▶ **About this task**:
The records below must be transcribed exactly, with each picture left out.

BEGIN Input data

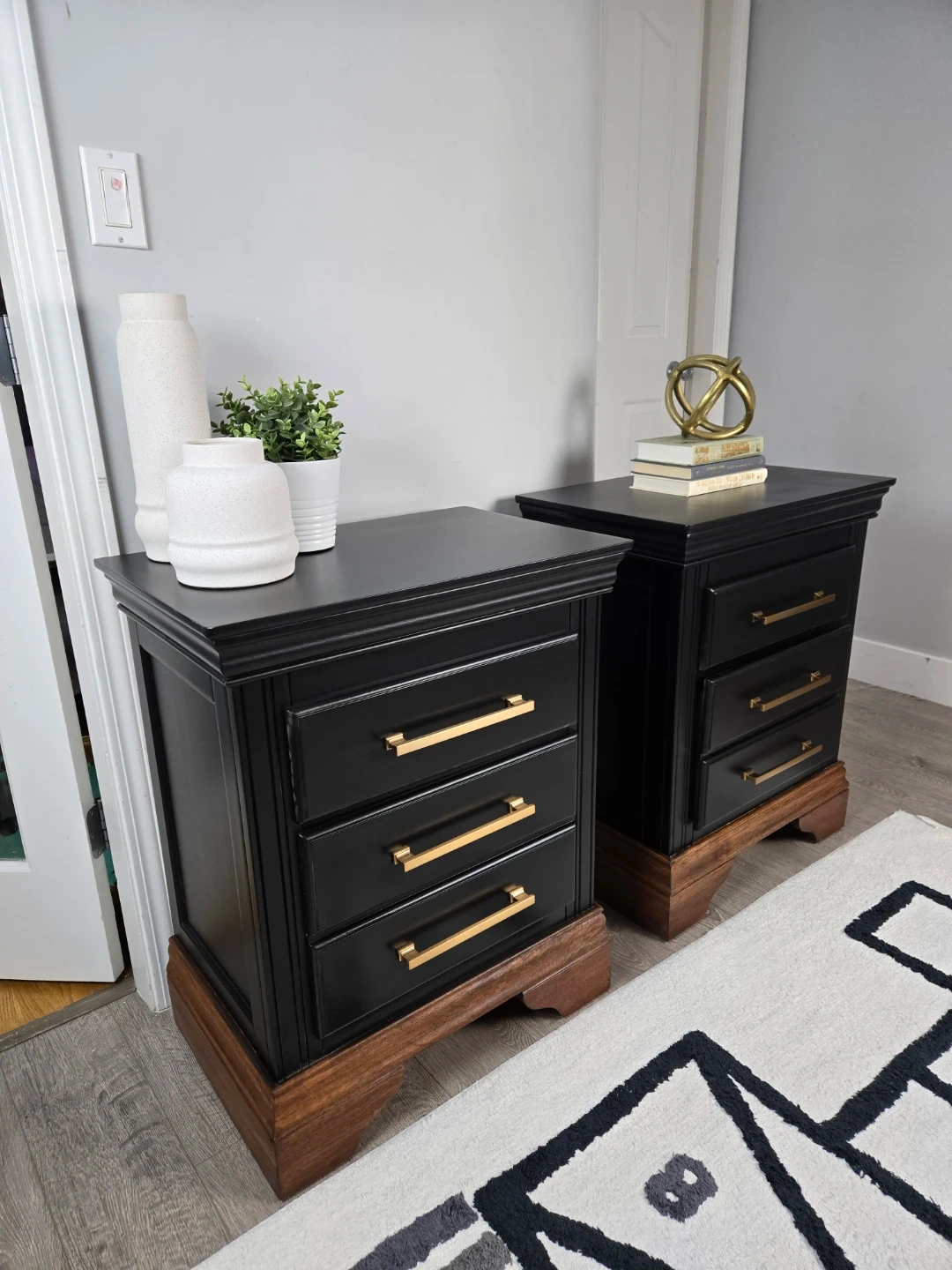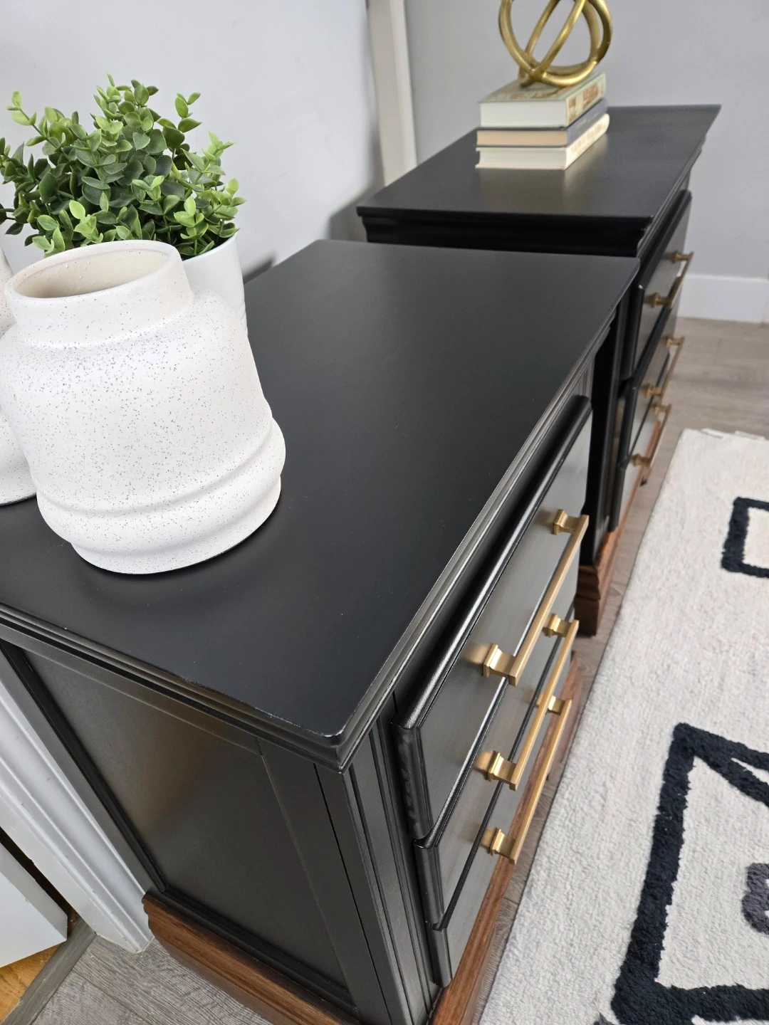 These 2 nightstands have been primed, spray painted and top coated with polyacrylic for durability.
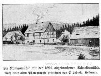 Pokud by se mlýn zachoval do dnešních dob,oslavovali bychom 431 let jeho existence.Doby a poměry se ale měnily a s ním i osud tohoto Královského mlýna.Zpočátku to byla pila poháněná vodním kolem,potom sídlo správce lesa a na počátku tohoto století oblíbená restaurace pro turisty,které sem dovedla modře značená stezka.
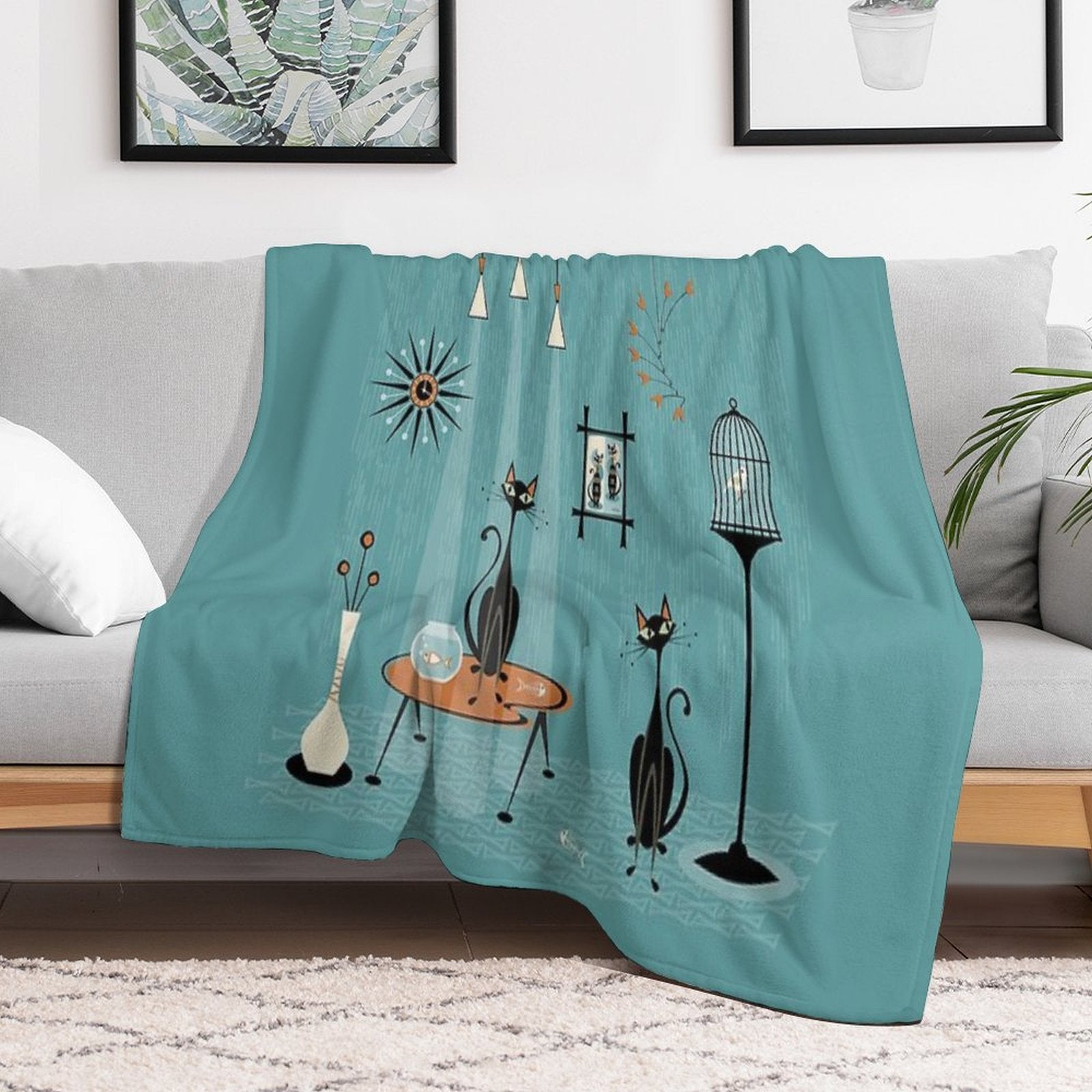 Mid Century Mischief Cat Red-Handed II Throw Blanket
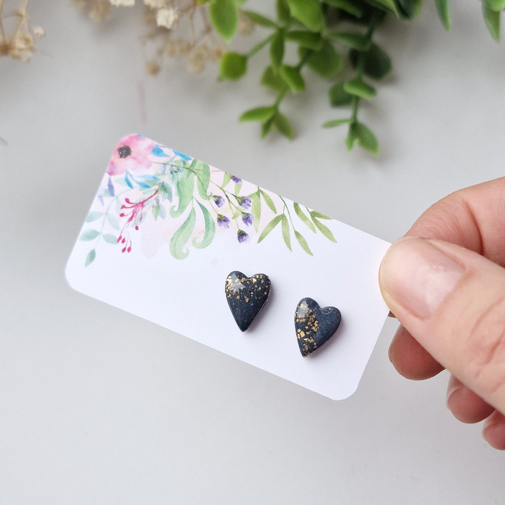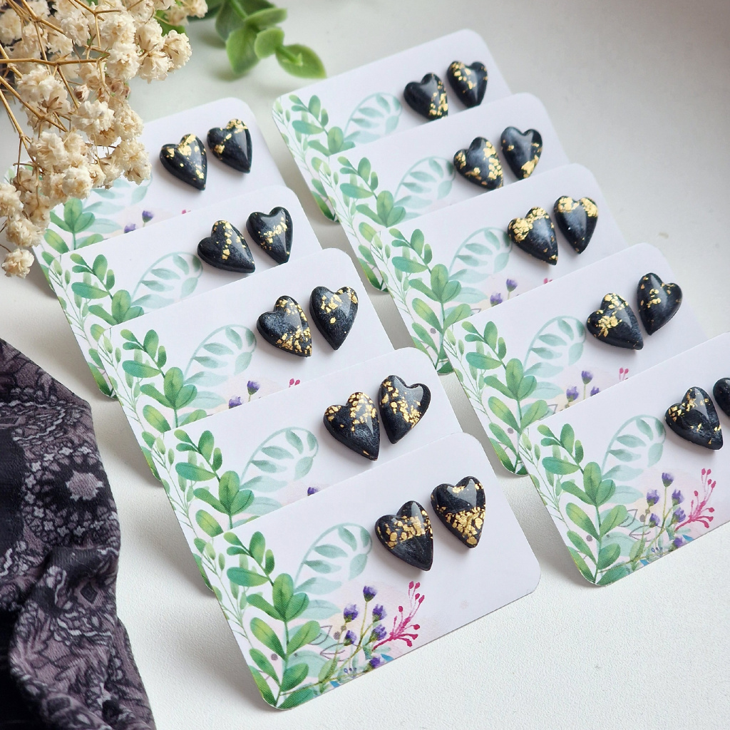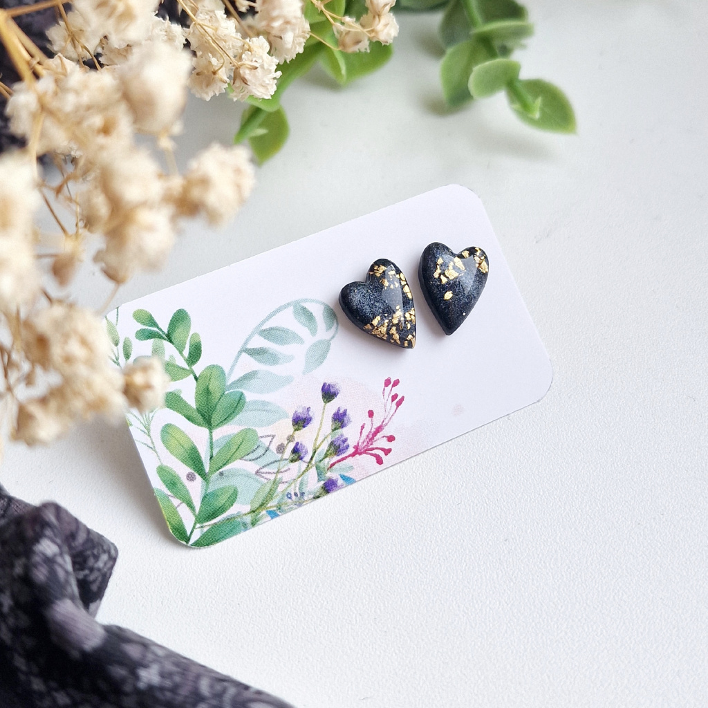Hravé, ručně tvořené náušnice ve tvaru podlouhlých srdíček. Díky speciální technologii výroby má každá náušnice neopakovatelný dekor ve stříbřitě černé barvě se zlatými třpytkami, žádné dva kousky nejsou úplně stejné. Srdíčka jsou zalitá pryskyřicí, takže se krásně lesknou.
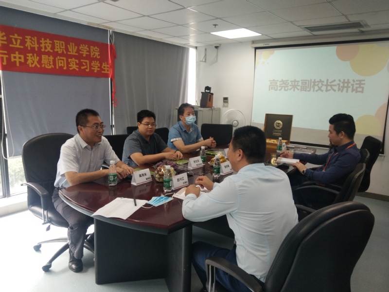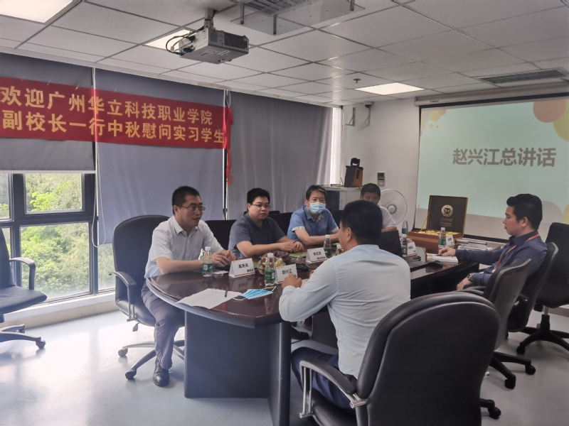 高尧来副校长叮嘱同学们要时刻注意安全,严格遵守公司纪律和学院实习规定,勉励大家在实习中要不怕苦、不怕累,勤勤恳恳地做好每项工作,充分展现华立学子良好的精神风貌,并把所学的知识运用到企业实际中,增强实践能力和就业能力。同时,高副校长就统筹协调、共同推进、服务需求、校企协同、合作育人等与赵总交换了意见。
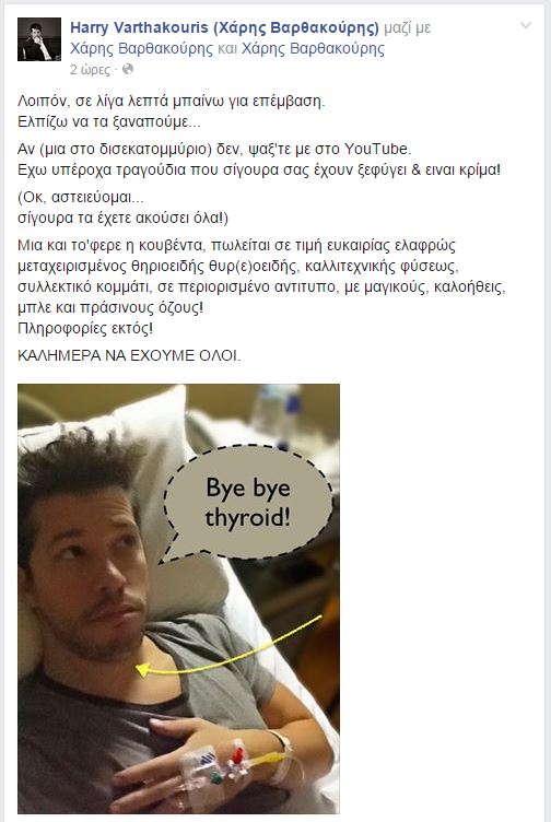 Την είδηση έκανε γνωστή ο ίδιος ο τραγουδιστής μέσα από το προσωπικό του προφίλ στο facebook, λέγοντας πως μπαίνει χειρουργείο για να βγάλει τον θυροειδή του.
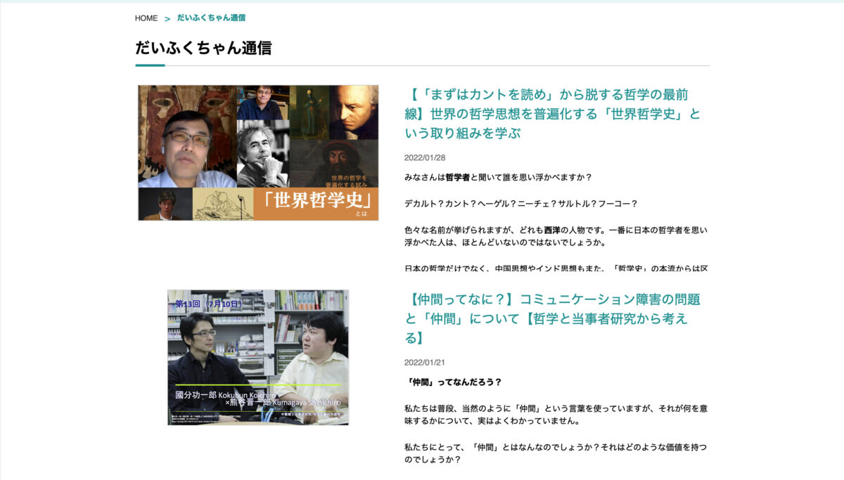 UTokyo OCWでも、だいふくちゃん通信という授業動画を紹介しているブログがあります。特にUTokyo OCWで公開されている正規の授業は長いものが多いので、こちらの記事で事前に内容を確認することで、興味のある動画をより効率的に探すことができるはずです。(あと、講義動画の内容が要約されてるので、記事を読むだけでためになったり。実はこの記事の筆者がこのブログを書いていたりします)
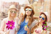 Szczęśliwa dziewczyna przyjaciółmi wylegiwanie się w mieście w okresie letnim
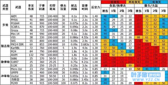 以上就是整个绝地求生所出现的主要装备了,当然还有一些其他的装备小编这就不细细说明了。下面给新手们再提供一张枪械伤害图,有助于你们在战斗时能够知道敌人大概还需要几枪就能倒地或者告诉队友们如何补枪。 三.海岛图攻略 介绍完了地图和装备,相信你们也应该基本了解这个游戏了,下面小编就给新手们讲一下如何玩好这张海岛图。第一,选择跳伞的地点非常重要,小编在上面也已经说了很清楚,不建议新手们一开始就跳那些会战斗、资源多的地方,不然说不定就是落地成盒了。

END Input data

▶ **Written answer**:
 These 2 nightstands have been primed, spray painted and top coated with polyacrylic for durability.
 Pokud by se mlýn zachoval do dnešních dob,oslavovali bychom 431 let jeho existence.Doby a poměry se ale měnily a s ním i osud tohoto Královského mlýna.Zpočátku to byla pila poháněná vodním kolem,potom sídlo správce lesa a na počátku tohoto století oblíbená restaurace pro turisty,které sem dovedla modře značená stezka.
 Mid Century Mischief Cat Red-Handed II Throw Blanket
Hravé, ručně tvořené náušnice ve tvaru podlouhlých srdíček. Díky speciální technologii výroby má každá náušnice neopakovatelný dekor ve stříbřitě černé barvě se zlatými třpytkami, žádné dva kousky nejsou úplně stejné. Srdíčka jsou zalitá pryskyřicí, takže se krásně lesknou.
 高尧来副校长叮嘱同学们要时刻注意安全,严格遵守公司纪律和学院实习规定,勉励大家在实习中要不怕苦、不怕累,勤勤恳恳地做好每项工作,充分展现华立学子良好的精神风貌,并把所学的知识运用到企业实际中,增强实践能力和就业能力。同时,高副校长就统筹协调、共同推进、服务需求、校企协同、合作育人等与赵总交换了意见。
 Την είδηση έκανε γνωστή ο ίδιος ο τραγουδιστής μέσα από το προσωπικό του προφίλ στο facebook, λέγοντας πως μπαίνει χειρουργείο για να βγάλει τον θυροειδή του.
 UTokyo OCWでも、だいふくちゃん通信という授業動画を紹介しているブログがあります。特にUTokyo OCWで公開されている正規の授業は長いものが多いので、こちらの記事で事前に内容を確認することで、興味のある動画をより効率的に探すことができるはずです。(あと、講義動画の内容が要約されてるので、記事を読むだけでためになったり。実はこの記事の筆者がこのブログを書いていたりします)
 Szczęśliwa dziewczyna przyjaciółmi wylegiwanie się w mieście w okresie letnim
 以上就是整个绝地求生所出现的主要装备了,当然还有一些其他的装备小编这就不细细说明了。下面给新手们再提供一张枪械伤害图,有助于你们在战斗时能够知道敌人大概还需要几枪就能倒地或者告诉队友们如何补枪。 三.海岛图攻略 介绍完了地图和装备,相信你们也应该基本了解这个游戏了,下面小编就给新手们讲一下如何玩好这张海岛图。第一,选择跳伞的地点非常重要,小编在上面也已经说了很清楚,不建议新手们一开始就跳那些会战斗、资源多的地方,不然说不定就是落地成盒了。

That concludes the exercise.